To go meta again for a moment…
At the moment I am not sure where this is going, I am merely writing until I no longer know what happens next. If that points is 15 or 20K along, I’ll pack it up and send it off to my agent with a somewhat squashy plot synopsis and see what she says. (I generally wait until at least 15K before I trouble my agent with it, because I don’t know if a story is “live” until then.)
There are four categories, at least with my agent so far.
“I love this, oh my god, this is fabulous!” (aka “I will push the hell out of this right this minute.”)
“I like what I’ve read so far.” (Give me more and maybe I can sell this/selling this is hit or miss but we may get lucky.)
“I like this but I have no idea how to sell it.” (It’s good, but the length/subject matter/structure is sufficiently unusual that I don’t know where to pitch it. I will keep it around and push it now and again to people who might be interested in taking a chance, but it may have to wait until you’re established enough for publishers to go for something weird.)
“This kinda freaks me out and I just don’t think I can sell it.” (And now we have to have the awkward conversation where I explain that I don’t like this at all and it gives me the creeping horrors and then two or three years later, I will wind up suggesting it to Sofawolf anyway, because I am an agent to my bones, and have sort of come around on the creepiness in the interim.)

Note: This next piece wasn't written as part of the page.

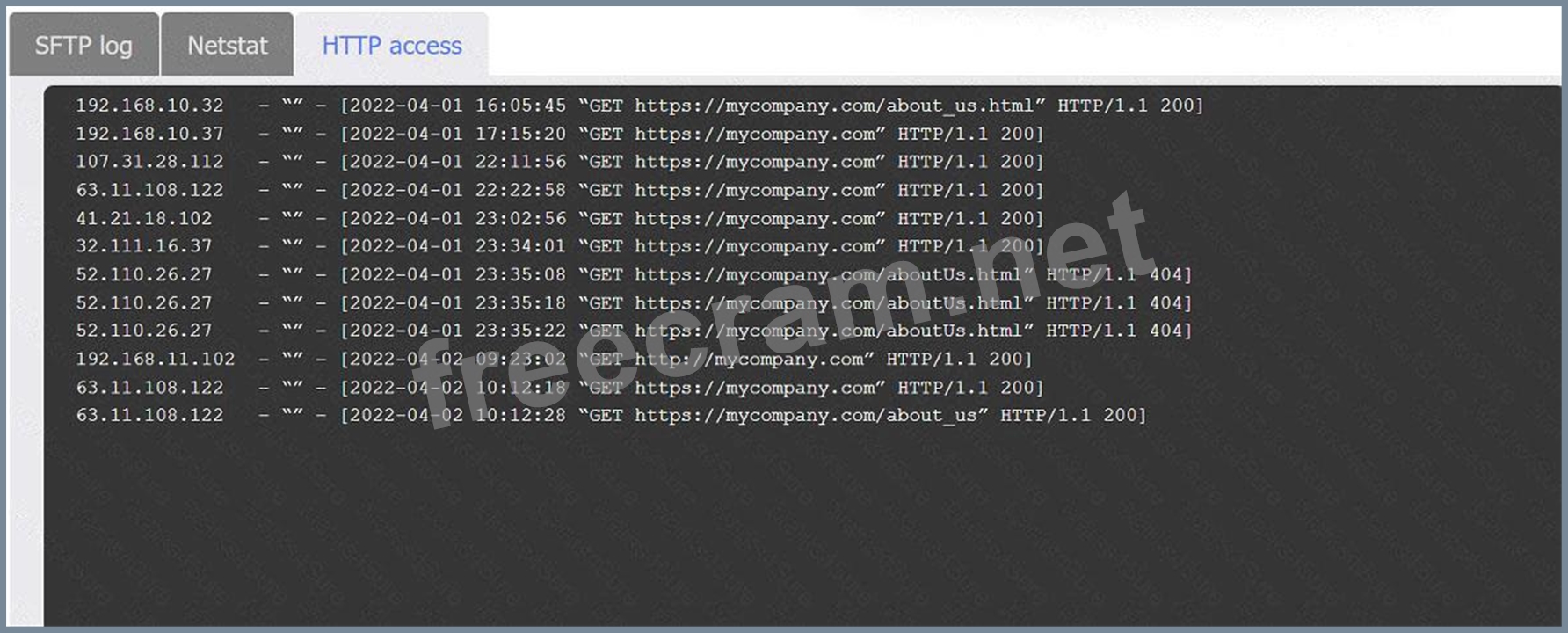 * 32.111.16.37 repeatedly accessed /about_us.html with 404 errors, indicating attempts to reach non- existing pages.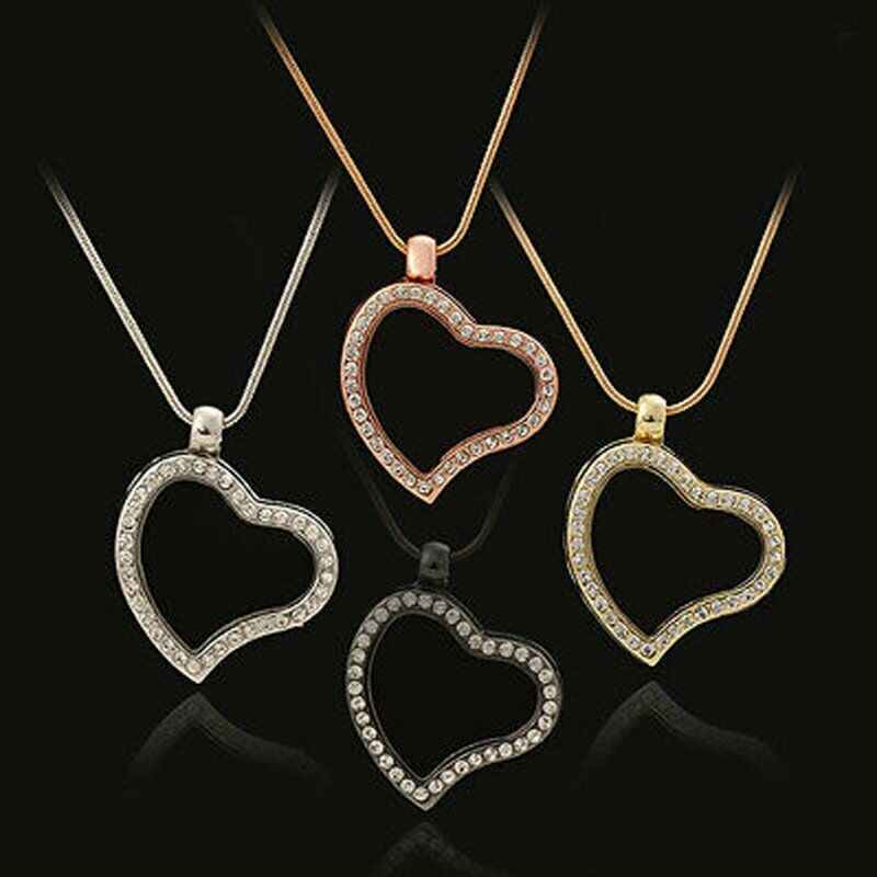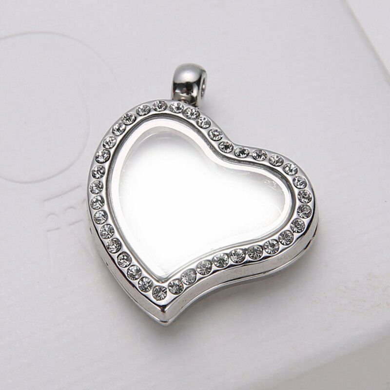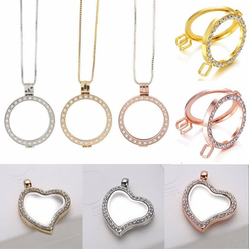DIY Living Memory Floating Round Heart Locket Pendant Necklace Charm Holder Gift

Just in case someone asks why I do not immediately consider self-publishing for some of these stories, the answer is a pretty straightforward one—the SMALLEST advance my agent has ever gotten me on a book is $15K. Given the choice between money up front, someone else handling all the costs and publicity and distribution and assigning me a lovely editor to make things better, or going it alone—well, you get the idea. This is not to say that I wouldn’t self-publish something, since there are projects far better suited to it (that fairy tale anthology, say…) or that self-publishing is BAD, it’s just that I am currently in a position where traditional publishing works oh my god so much better for me, and I have no current desire to swim those icy and difficult waters if I’ve got the option of using somebody else’s heated boat. That may change, the world may change, I may change, but that’s the current state of affairs, and anyone who tells you they know exactly where the industry is headed is so full of it that their shoes squelch when they walk.